**TASK TO COMPLETE:** Return all the data exactly, keeping the pictures out.

**GIVEN RECORDS:**
● ● ● ● ● ● ●

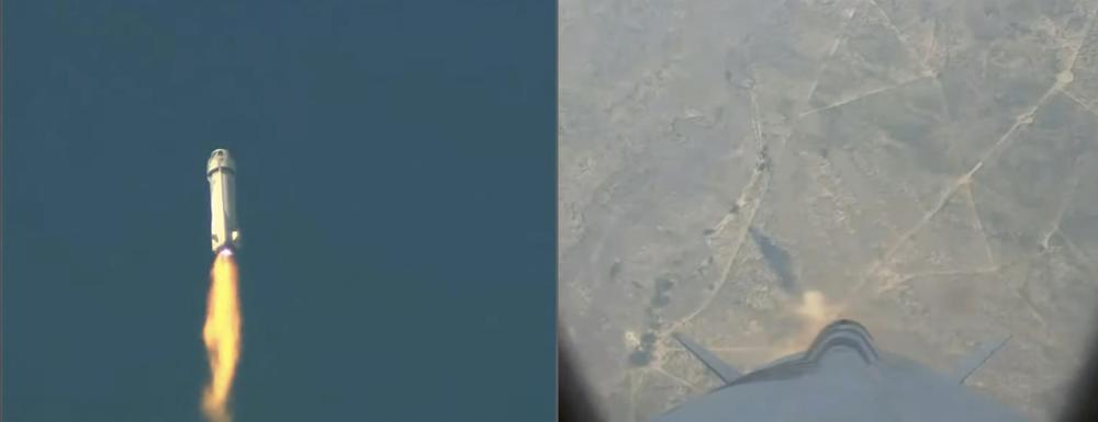 The New Shepard rocket was barely a minute into its flight from West Texas when bright yellow flames shot out from around the single engine at the bottom. The capsule’s emergency launch abort system immediately kicked in, lifting the craft off the top. Several minutes later, the capsule parachuted onto the remote desert floor.
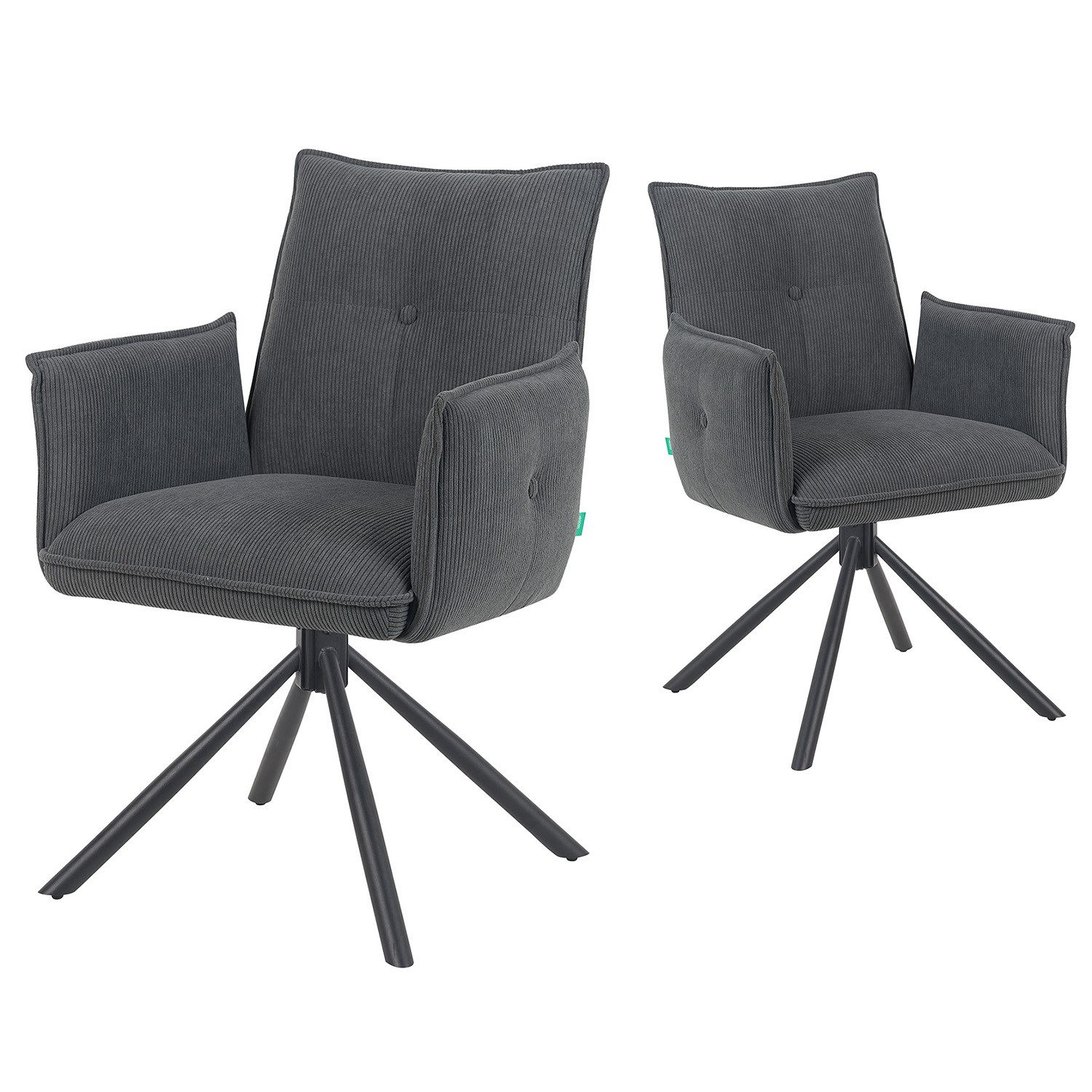 Der Esszimmerstuhl Mika-Nevio verbindet modernes Design mit höchstem Sitzkomfort. Der weiche Cordstoffbezug sorgt für eine stilvolle Optik und angenehmes Sitzgefühl. Dank der 360° Drehfunktion genießen Sie maximale Bewegungsfreiheit, während das stabile Metallgestell in pulverbeschichtetem Matt-Schwarz für Standfestigkeit und eine elegante Note sorgt. Die gepolsterte Sitzfläche mit Armlehnen bietet Komfort für lange Abende am Esstisch oder im Homeoffice. Wählen Sie aus den Farben Creme, Grün, Anthrazit oder Blumen-Design und setzen Sie einen besonderen Akzent in Ihrem Wohn- oder Essbereich.
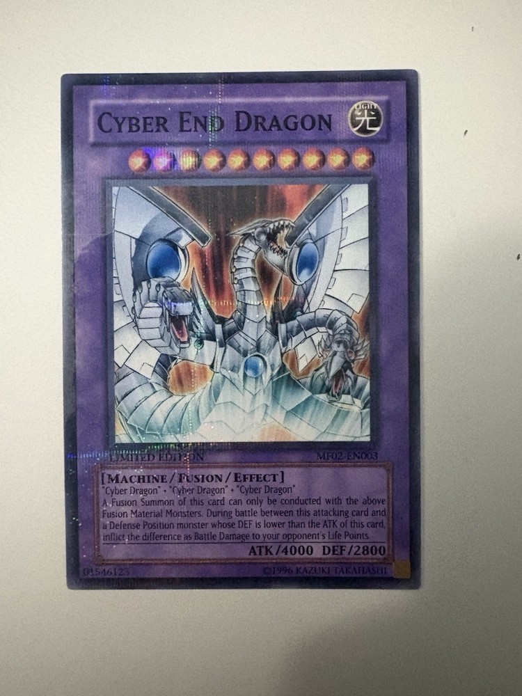 This Cyber End Dragon figure is an awesome limited edition collectible! The detail is amazing, and even though it's moderately played, it still looks fantastic. The seller is super reliable with years of experience, so you know you're getting a legit piece. Perfect for Yu-Gi-Oh fans or collectors who want a rare promo. Super happy with this purchase—definitely worth it!
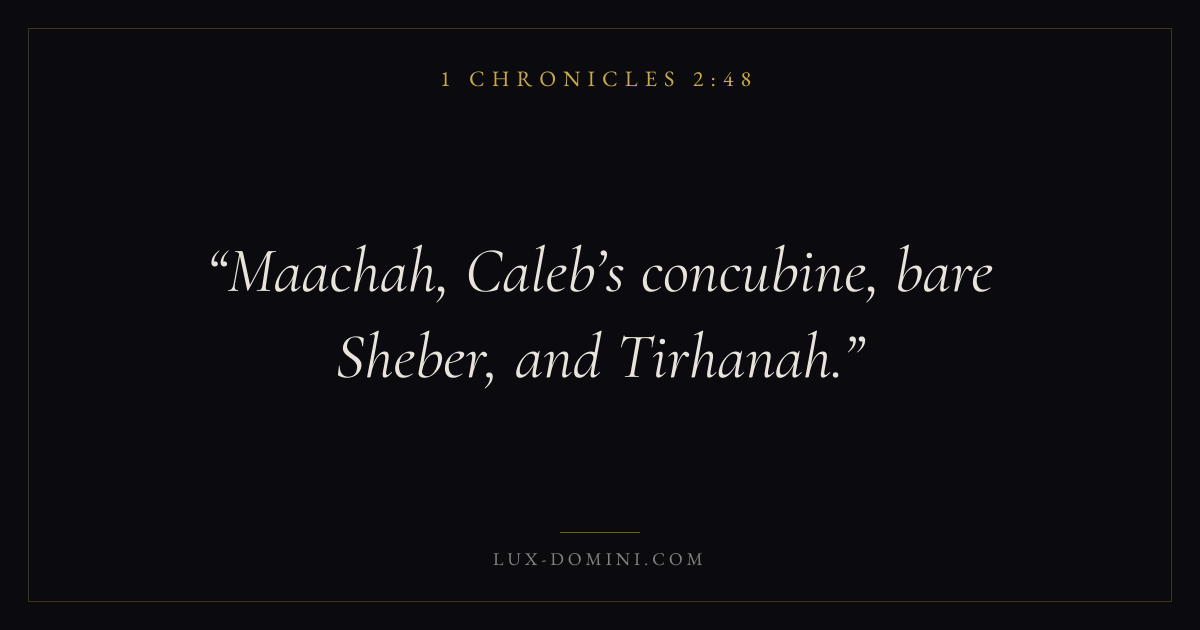 Books / 1 Chronicles / Chapter 2 / Verse 48 ← 1 Chronicles 2:47 1 Chronicles 2:48 1 Chronicles 2:49 → Maachah, Caleb’s concubine, bare Sheber, and Tirhanah. Download verse card Share on Twitter Share on Facebook Pin it ✦ Key themes MemoryWorshipGenealogyDavid Read with 1 Chronicles 2:471 Chronicles 2:49 Related topics Bible verses about worship ✦ 1 Chronicles Chapter 2 verses V. 1 V. 2 V. 3 V. 4 V. 5 V. 6 V. 7 V. 8 V. 9 V. 10 V. 11 V. 12 V. 13 V. 14 V. 15 V. 16 V. 17 V. 18 V. 19 V. 20 V. 21 V. 22 V. 23 V. 24 V. 25 V. 26 V. 27 V. 28 V. 29 V. 30 V. 31 V. 32 V. 33 V. 34 V. 35 V. 36 V. 37 V. 38 V. 39 V. 40 V. 41 V. 42 V. 43 V. 44 V. 45 V. 46 V. 47 V. 48 V. 49 V. 50 V. 51 V. 52 V. 53 V. 54 V. 55
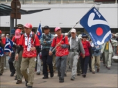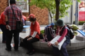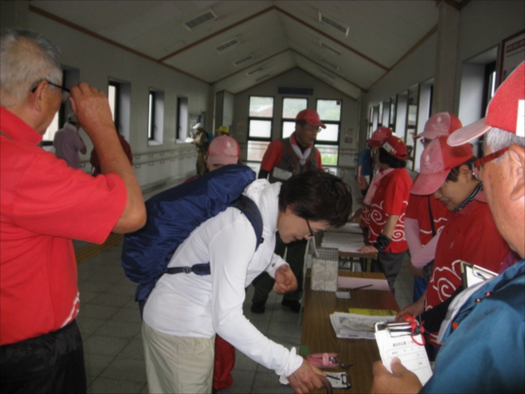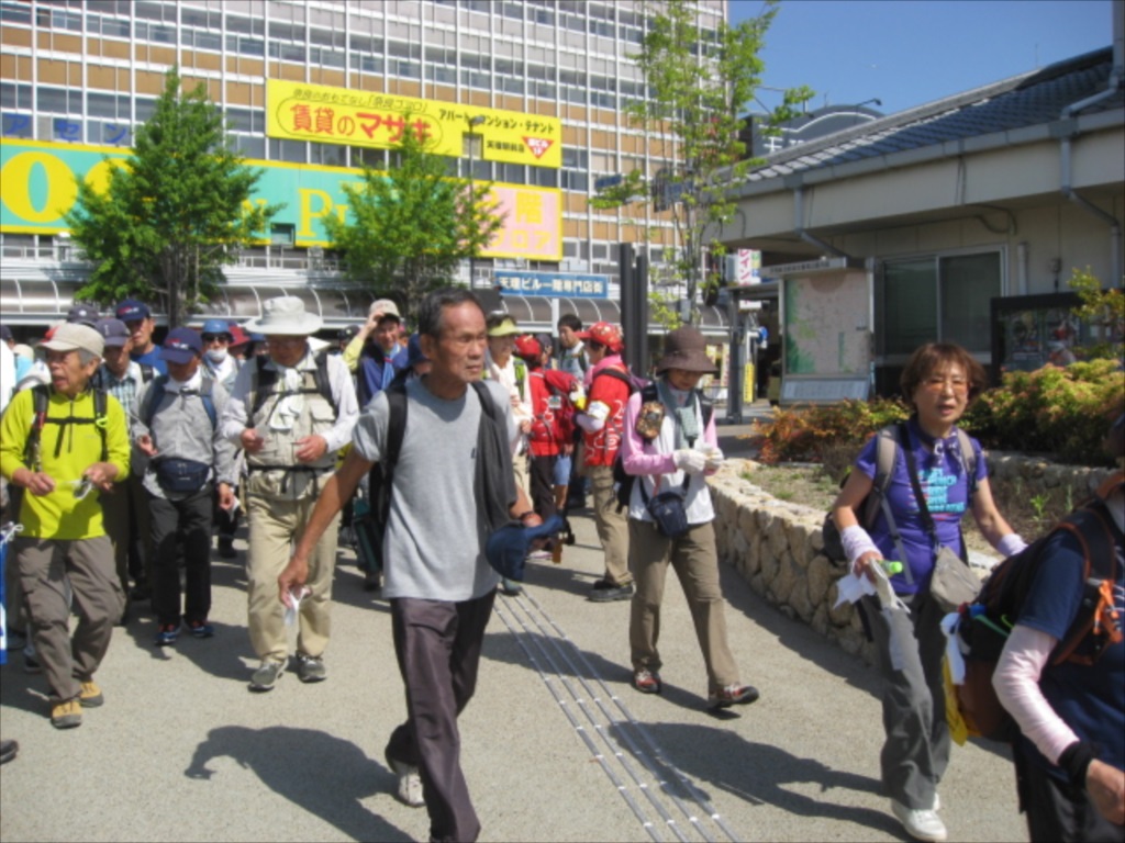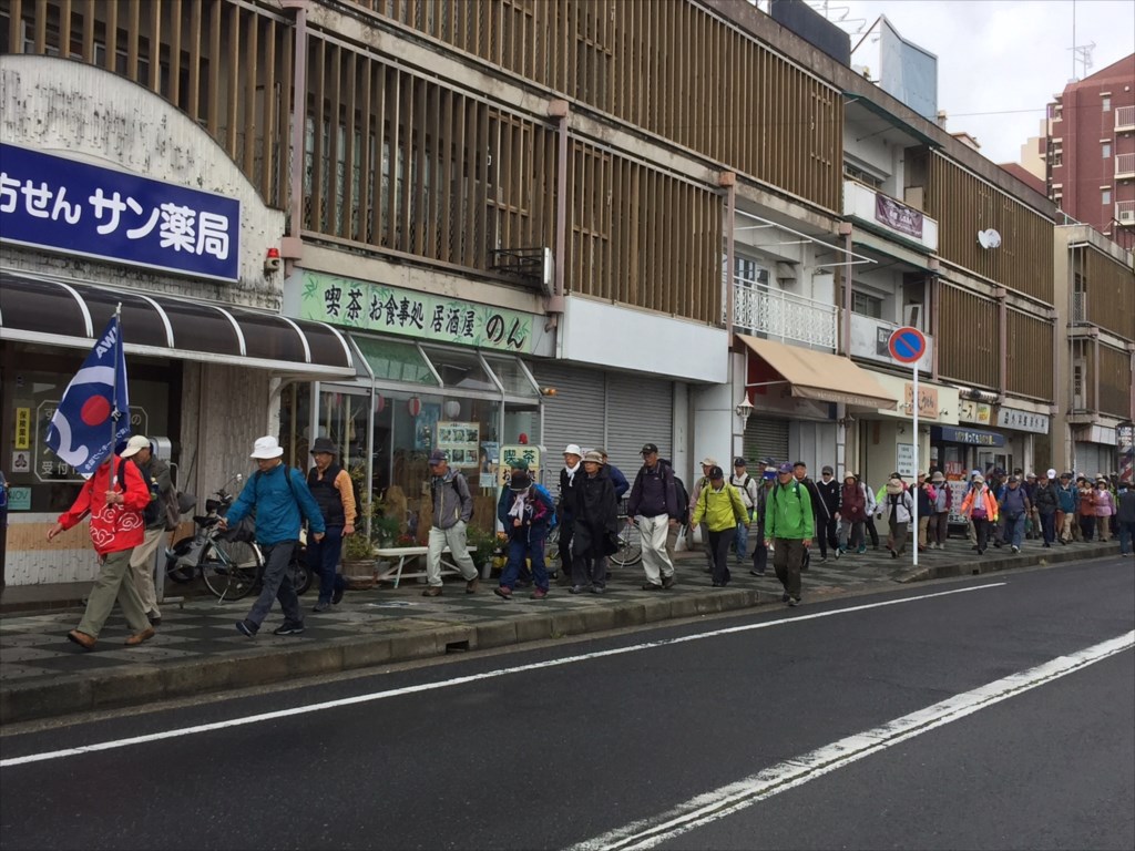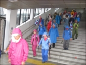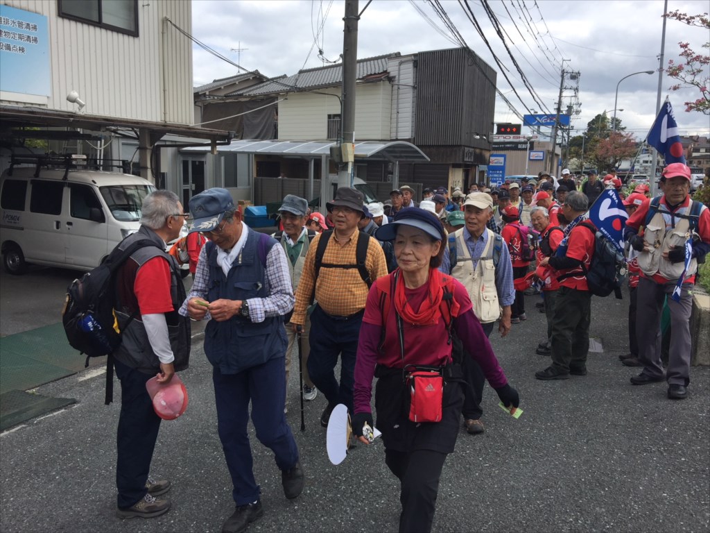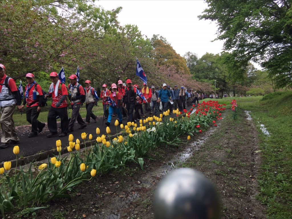 | 雨でも熱心な方達が | 雨にも負けず出発 | 雨中の行進く |
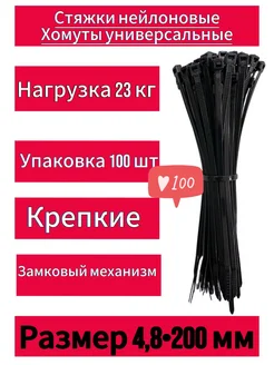 Хомут для стяжки нейлоновый пластиковый 200х4.8 (100шт)

● ● ● ● ● ● ●

**FINISHED EXERCISE:**
 The New Shepard rocket was barely a minute into its flight from West Texas when bright yellow flames shot out from around the single engine at the bottom. The capsule’s emergency launch abort system immediately kicked in, lifting the craft off the top. Several minutes later, the capsule parachuted onto the remote desert floor.
 Der Esszimmerstuhl Mika-Nevio verbindet modernes Design mit höchstem Sitzkomfort. Der weiche Cordstoffbezug sorgt für eine stilvolle Optik und angenehmes Sitzgefühl. Dank der 360° Drehfunktion genießen Sie maximale Bewegungsfreiheit, während das stabile Metallgestell in pulverbeschichtetem Matt-Schwarz für Standfestigkeit und eine elegante Note sorgt. Die gepolsterte Sitzfläche mit Armlehnen bietet Komfort für lange Abende am Esstisch oder im Homeoffice. Wählen Sie aus den Farben Creme, Grün, Anthrazit oder Blumen-Design und setzen Sie einen besonderen Akzent in Ihrem Wohn- oder Essbereich.
 This Cyber End Dragon figure is an awesome limited edition collectible! The detail is amazing, and even though it's moderately played, it still looks fantastic. The seller is super reliable with years of experience, so you know you're getting a legit piece. Perfect for Yu-Gi-Oh fans or collectors who want a rare promo. Super happy with this purchase—definitely worth it!
 Books / 1 Chronicles / Chapter 2 / Verse 48 ← 1 Chronicles 2:47 1 Chronicles 2:48 1 Chronicles 2:49 → Maachah, Caleb’s concubine, bare Sheber, and Tirhanah. Download verse card Share on Twitter Share on Facebook Pin it ✦ Key themes MemoryWorshipGenealogyDavid Read with 1 Chronicles 2:471 Chronicles 2:49 Related topics Bible verses about worship ✦ 1 Chronicles Chapter 2 verses V. 1 V. 2 V. 3 V. 4 V. 5 V. 6 V. 7 V. 8 V. 9 V. 10 V. 11 V. 12 V. 13 V. 14 V. 15 V. 16 V. 17 V. 18 V. 19 V. 20 V. 21 V. 22 V. 23 V. 24 V. 25 V. 26 V. 27 V. 28 V. 29 V. 30 V. 31 V. 32 V. 33 V. 34 V. 35 V. 36 V. 37 V. 38 V. 39 V. 40 V. 41 V. 42 V. 43 V. 44 V. 45 V. 46 V. 47 V. 48 V. 49 V. 50 V. 51 V. 52 V. 53 V. 54 V. 55
 | 雨でも熱心な方達が | 雨にも負けず出発 | 雨中の行進く |
 Хомут для стяжки нейлоновый пластиковый 200х4.8 (100шт)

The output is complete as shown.